High fructose corn syrup is a low-cost sweetener that replaced sugar in thousands of products over the past 30 years. In 1970, Americans consumed less than a pound of the syrup per year. In 2010, the average American consumed over 60 pounds per year, according to research from Princeton University. Manufacturers started reducing use of the product in the late 2000s because of concerns that it contains mercury and has led to record levels of obesity, according to The New York Times. Still, a check of many food labels shows the ingredient remains a staple.
Many baked goods, including English muffins, rolls and white and whole wheat bread, contain high fructose corn syrup. The syrup helps baked goods achieve a brown crust and retain moisture.

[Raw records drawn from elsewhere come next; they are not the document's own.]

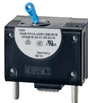
Hydraulisch-magnetischer Schutzschalter Typ 8345 + X8345-R (Fein- und Fernauslösemodul)
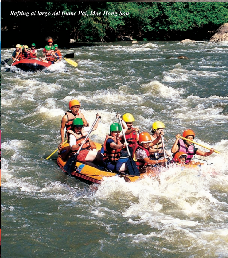
Rafting al largo del fiume Pai, Mae Hong Son
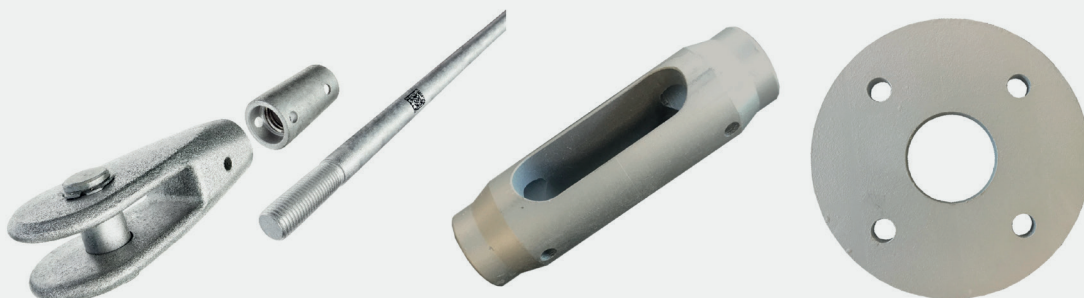
HMR-Zugstabsystem mit Kreuzmuffe und Kreisscheibe

Pizza sauce, spaghetti sauce, ketchup and barbecue sauces typically contain high fructose corn syrup, which is used to balance the tart tomatoes and bring out the flavors of herbs and spices.
Soft drinks use high amounts of the syrup as a source of intense sweetness. It also helps stabilize flavors over the long shelf-life of the drinks. Diet soft drinks do not usually contain the syrup.
Some breakfast cereals, particularly sweetened ones, contain high fructose corn syrup. Cereals aimed at adults also often contain the syrup even if they don't taste especially sugary.
Fruit drinks often contain high levels of the syrup. It is used in bottled juices, drink pouches and frozen concentrates. High fructose corn syrup has a lower freezing temperature than other sweeteners, and that makes thawing faster.
Processed foods such as lunch meats, dinner sausage, macaroni and cheese, boxed meals, packaged lunch meals and other processed foods contain the syrup because it is inexpensive and provides a long shelf life.
In an effort reduce calories from oil, many salad-dressing manufactures add high fructose corn syrup instead. Low-fat and low-calorie dressings tend to have higher levels of the syrup than dressings made with olive or another kind of oil.
Many yogurt brands contain the sweetener. Even flavors or yogurt lines that are called "all natural" and "organic" sometimes contain high fructose corn syrup.
Many liquid cough suppressants and expectorants contain high fructose corn syrup. Flavored varieties designed to taste better for children tend to have higher amounts of the sweetener.